Your instructions:
Beginning at the line that contains "ന്യു ജേഴ്സി: ഇന്ത്യാ" and finishing at the line that contains "Износостойкий высокопроизводительный стальной", output the data below exactly. Include both end lines and no pictures.

Supplied records:
= Beginning of Section =
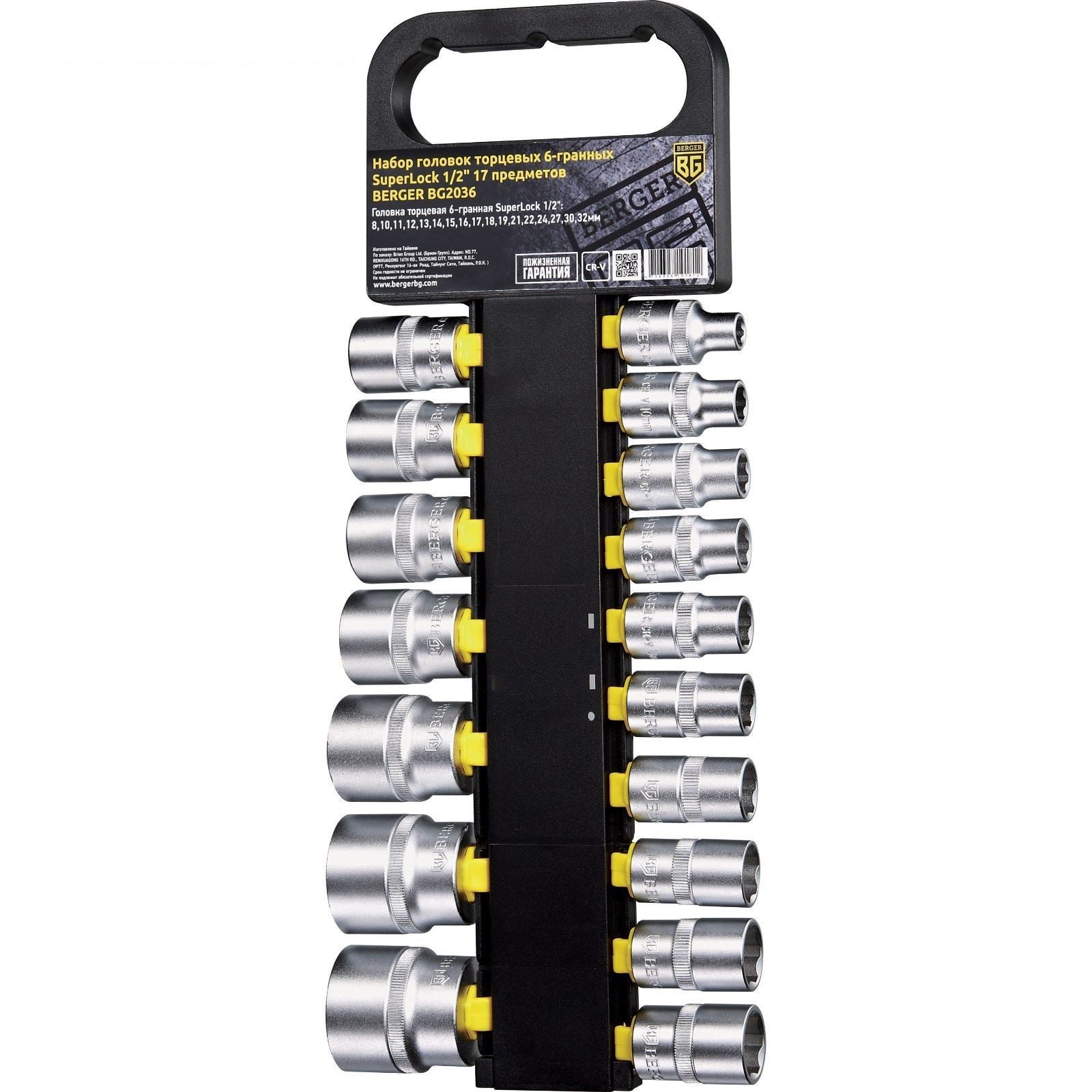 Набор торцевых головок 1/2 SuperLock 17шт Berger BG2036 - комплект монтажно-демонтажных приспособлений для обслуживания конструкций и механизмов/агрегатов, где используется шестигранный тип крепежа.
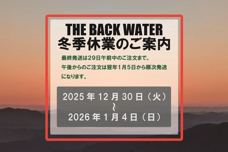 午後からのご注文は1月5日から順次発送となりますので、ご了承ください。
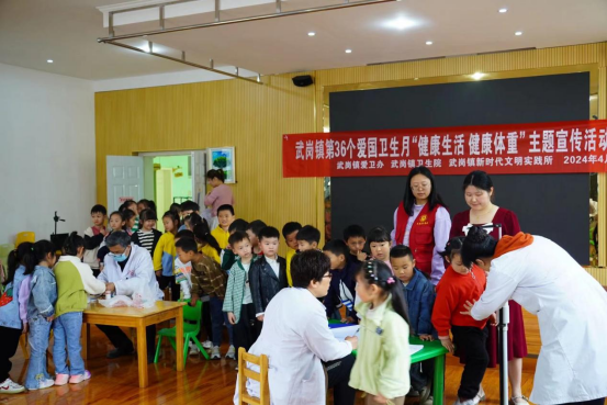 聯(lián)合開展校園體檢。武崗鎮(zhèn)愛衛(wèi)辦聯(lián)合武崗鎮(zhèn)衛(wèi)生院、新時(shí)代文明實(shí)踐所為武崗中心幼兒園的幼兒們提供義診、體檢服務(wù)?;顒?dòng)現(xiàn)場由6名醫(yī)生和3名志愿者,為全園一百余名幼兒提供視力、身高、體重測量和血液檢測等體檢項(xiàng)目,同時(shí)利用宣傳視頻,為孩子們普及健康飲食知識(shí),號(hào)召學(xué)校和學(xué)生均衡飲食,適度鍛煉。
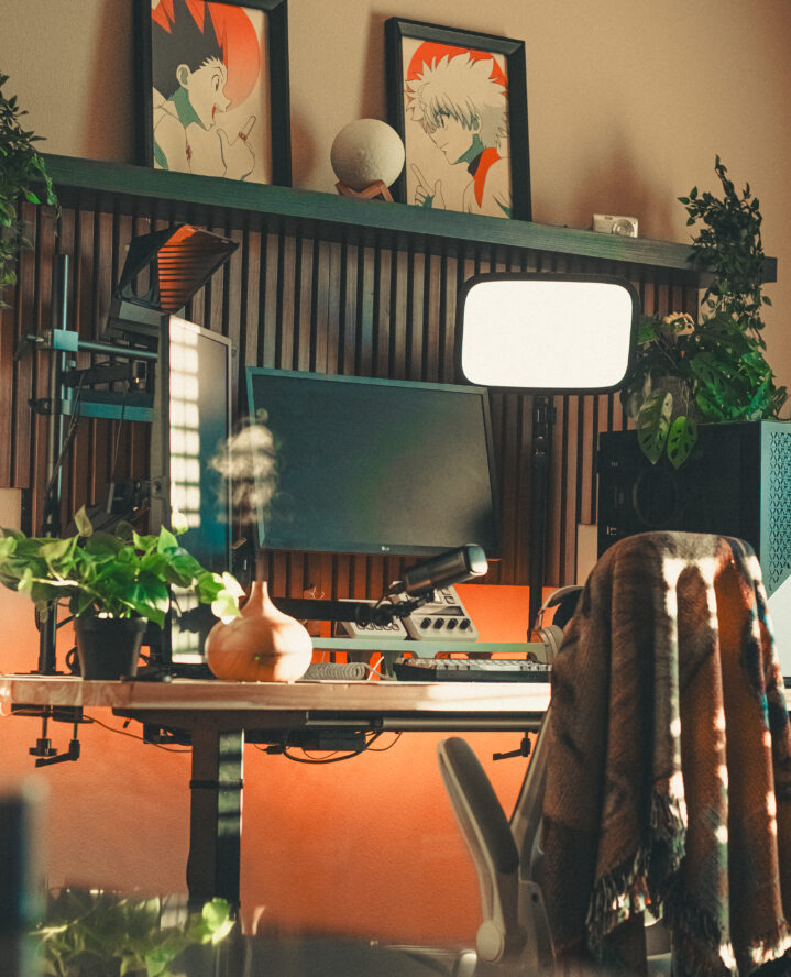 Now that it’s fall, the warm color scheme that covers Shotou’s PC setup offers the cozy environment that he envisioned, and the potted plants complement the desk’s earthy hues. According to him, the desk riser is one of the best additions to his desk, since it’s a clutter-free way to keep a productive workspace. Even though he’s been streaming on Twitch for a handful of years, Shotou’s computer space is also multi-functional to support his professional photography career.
= End of Section =
= Beginning of Section =
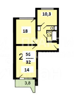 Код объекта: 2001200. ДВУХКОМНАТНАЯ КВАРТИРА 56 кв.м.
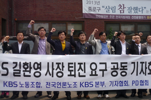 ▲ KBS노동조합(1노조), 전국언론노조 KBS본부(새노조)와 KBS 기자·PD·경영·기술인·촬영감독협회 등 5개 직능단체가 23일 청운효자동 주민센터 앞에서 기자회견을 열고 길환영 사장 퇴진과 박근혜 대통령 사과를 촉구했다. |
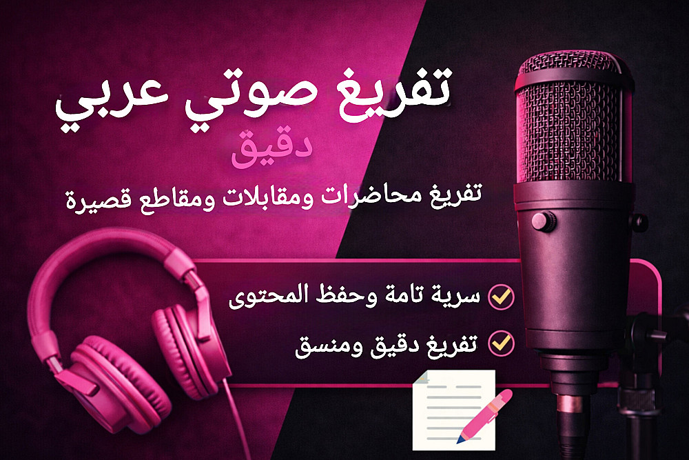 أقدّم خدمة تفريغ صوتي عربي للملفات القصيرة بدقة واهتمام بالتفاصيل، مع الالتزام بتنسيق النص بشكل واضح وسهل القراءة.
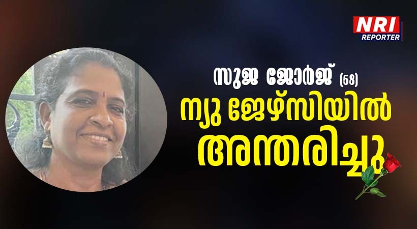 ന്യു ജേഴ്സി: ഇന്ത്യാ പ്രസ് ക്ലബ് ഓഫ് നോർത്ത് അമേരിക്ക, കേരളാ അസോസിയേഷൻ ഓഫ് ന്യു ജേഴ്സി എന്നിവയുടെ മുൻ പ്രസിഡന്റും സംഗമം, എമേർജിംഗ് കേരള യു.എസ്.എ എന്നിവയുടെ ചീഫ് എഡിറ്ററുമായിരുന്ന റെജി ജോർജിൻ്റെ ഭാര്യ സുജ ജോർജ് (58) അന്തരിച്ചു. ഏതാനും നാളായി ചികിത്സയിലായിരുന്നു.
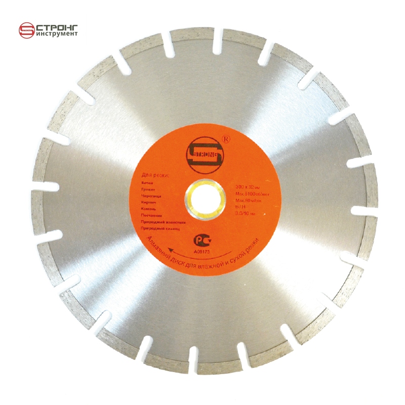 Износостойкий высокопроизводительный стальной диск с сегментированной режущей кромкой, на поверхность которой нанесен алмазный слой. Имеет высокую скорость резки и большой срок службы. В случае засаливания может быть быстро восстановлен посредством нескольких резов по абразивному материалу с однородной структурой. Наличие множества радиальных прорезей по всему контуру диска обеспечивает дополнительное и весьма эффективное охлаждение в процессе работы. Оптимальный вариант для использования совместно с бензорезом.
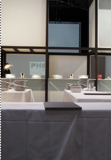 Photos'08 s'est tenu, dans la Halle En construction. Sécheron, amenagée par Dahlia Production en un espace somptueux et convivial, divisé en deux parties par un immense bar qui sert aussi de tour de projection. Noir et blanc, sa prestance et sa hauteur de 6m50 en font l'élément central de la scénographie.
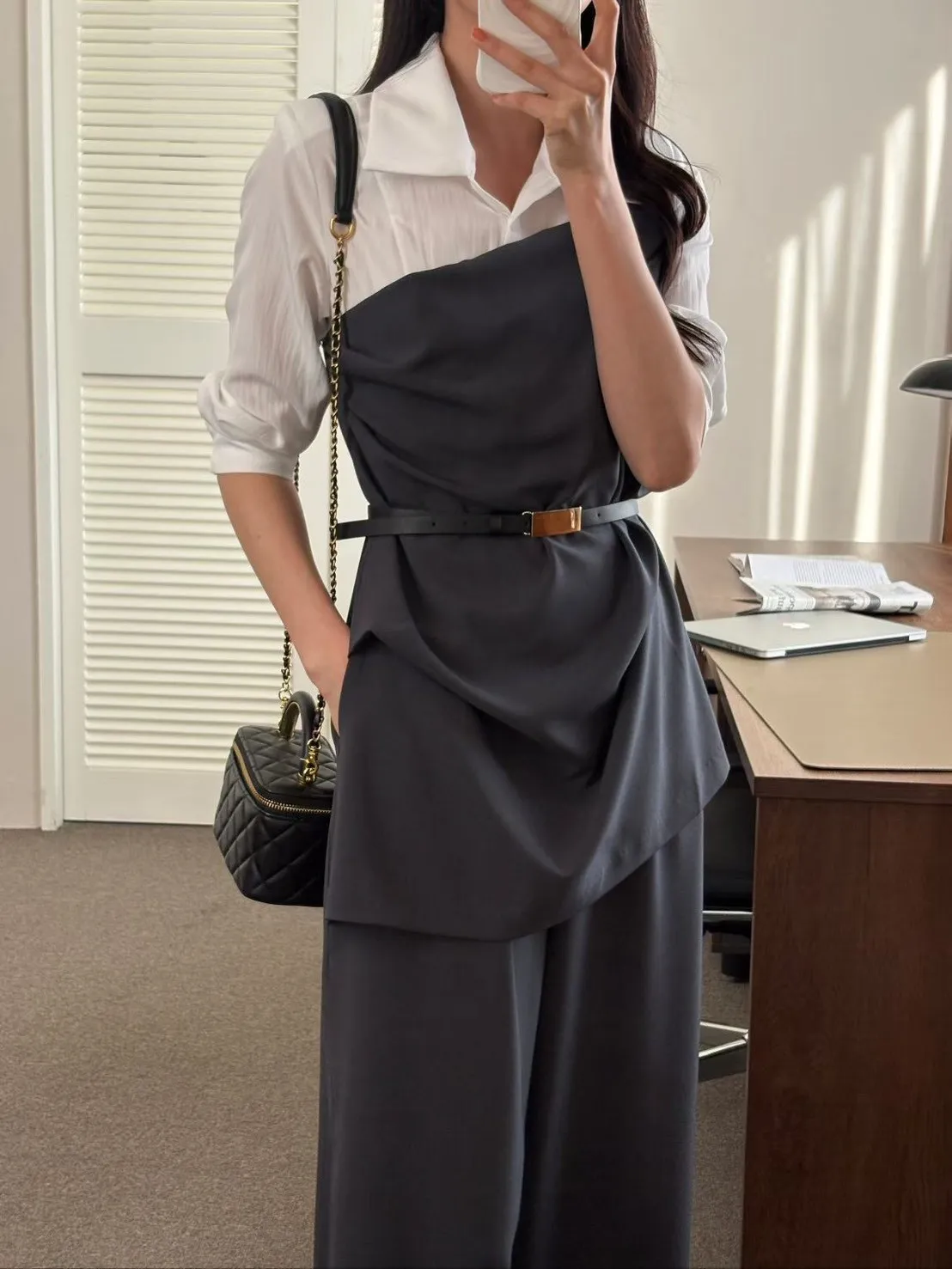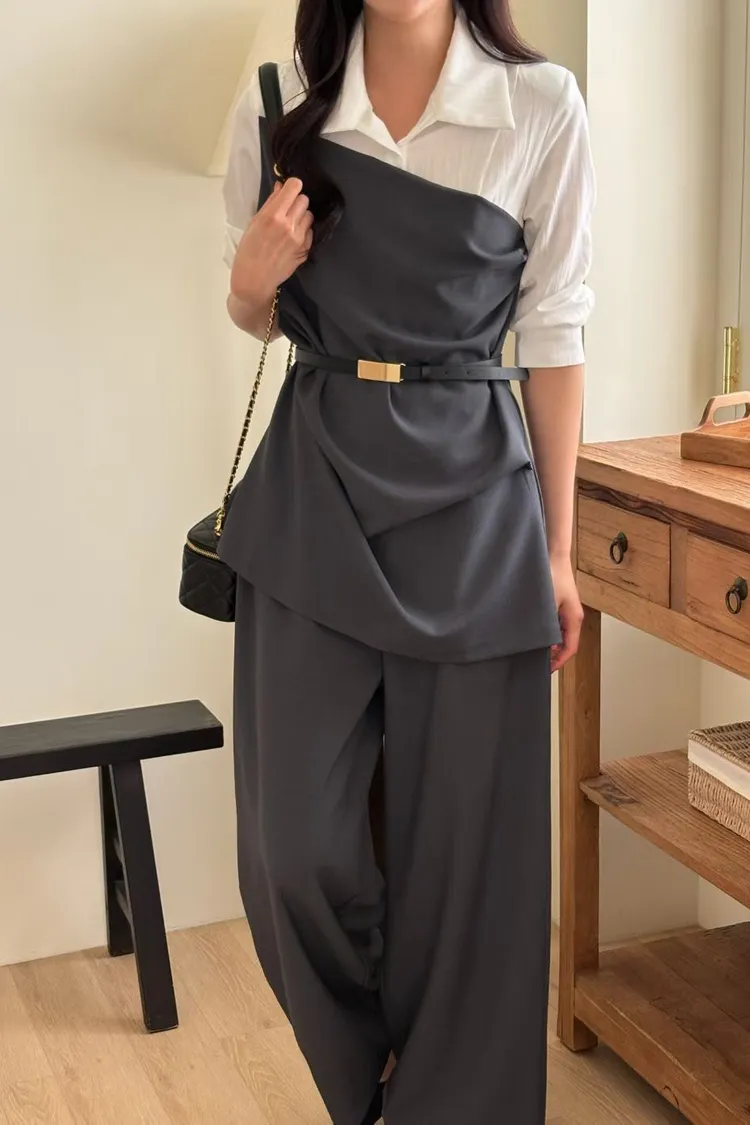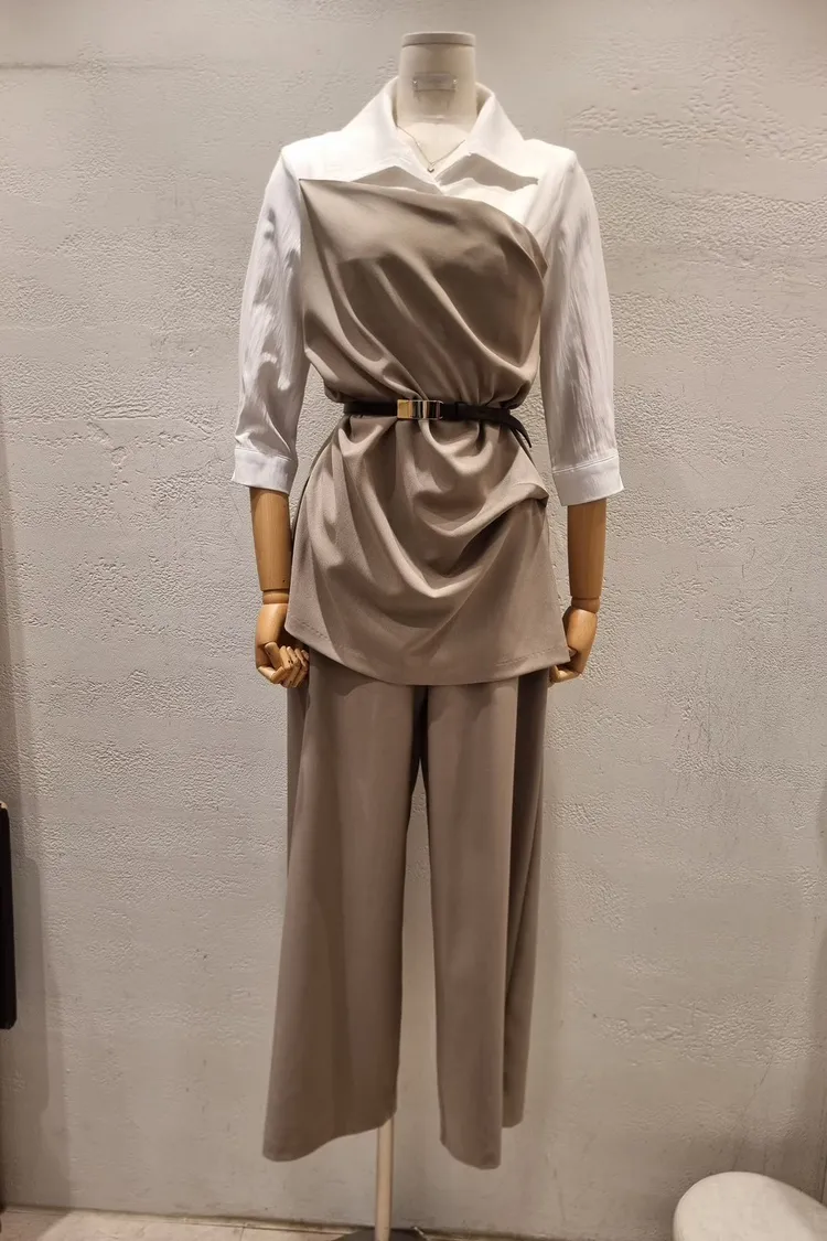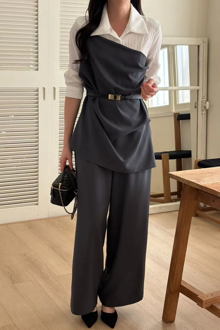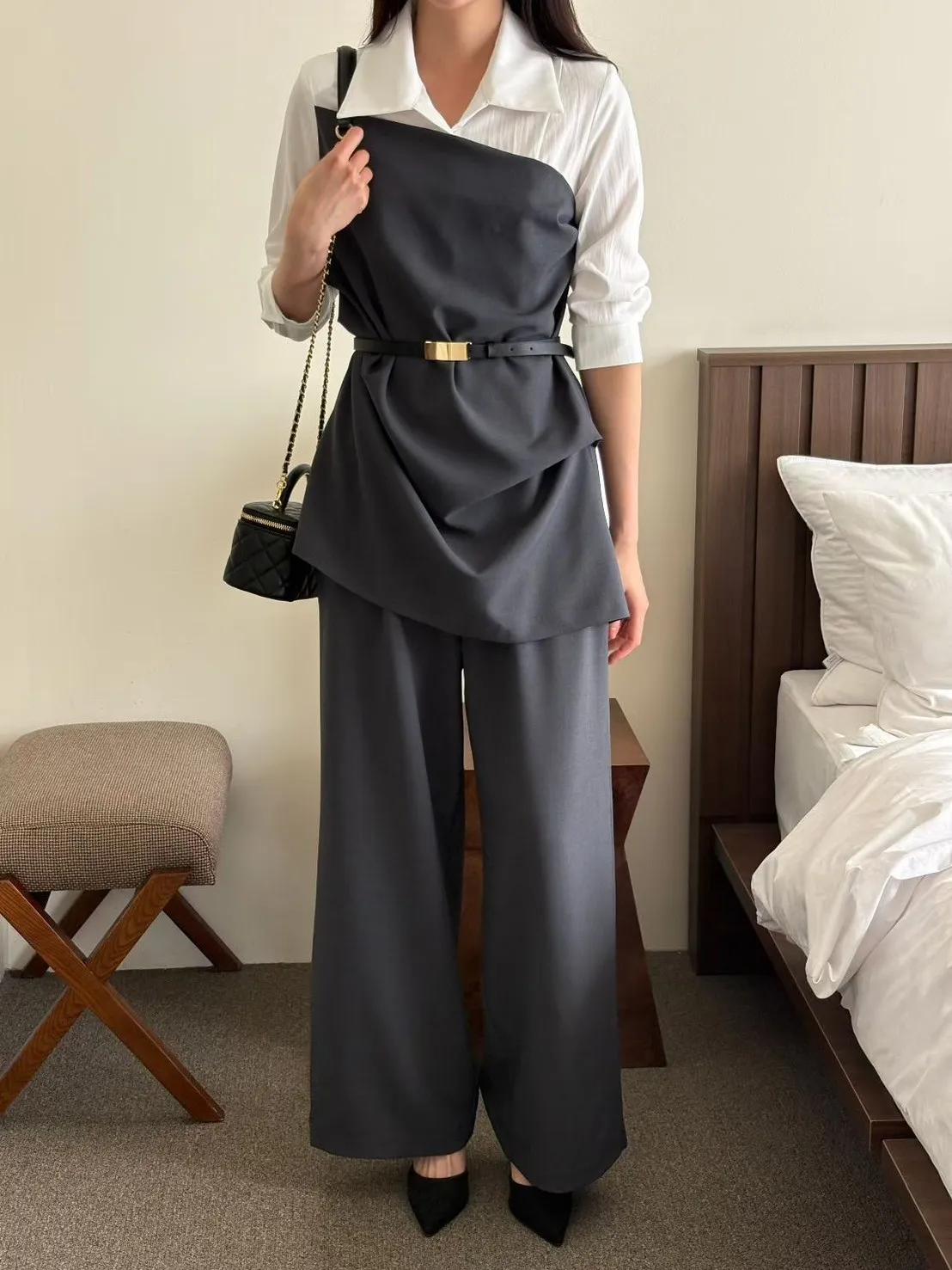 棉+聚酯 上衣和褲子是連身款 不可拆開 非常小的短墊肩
= End of Section =
Written response:
 ന്യു ജേഴ്സി: ഇന്ത്യാ പ്രസ് ക്ലബ് ഓഫ് നോർത്ത് അമേരിക്ക, കേരളാ അസോസിയേഷൻ ഓഫ് ന്യു ജേഴ്സി എന്നിവയുടെ മുൻ പ്രസിഡന്റും സംഗമം, എമേർജിംഗ് കേരള യു.എസ്.എ എന്നിവയുടെ ചീഫ് എഡിറ്ററുമായിരുന്ന റെജി ജോർജിൻ്റെ ഭാര്യ സുജ ജോർജ് (58) അന്തരിച്ചു. ഏതാനും നാളായി ചികിത്സയിലായിരുന്നു.
 Износостойкий высокопроизводительный стальной диск с сегментированной режущей кромкой, на поверхность которой нанесен алмазный слой. Имеет высокую скорость резки и большой срок службы. В случае засаливания может быть быстро восстановлен посредством нескольких резов по абразивному материалу с однородной структурой. Наличие множества радиальных прорезей по всему контуру диска обеспечивает дополнительное и весьма эффективное охлаждение в процессе работы. Оптимальный вариант для использования совместно с бензорезом.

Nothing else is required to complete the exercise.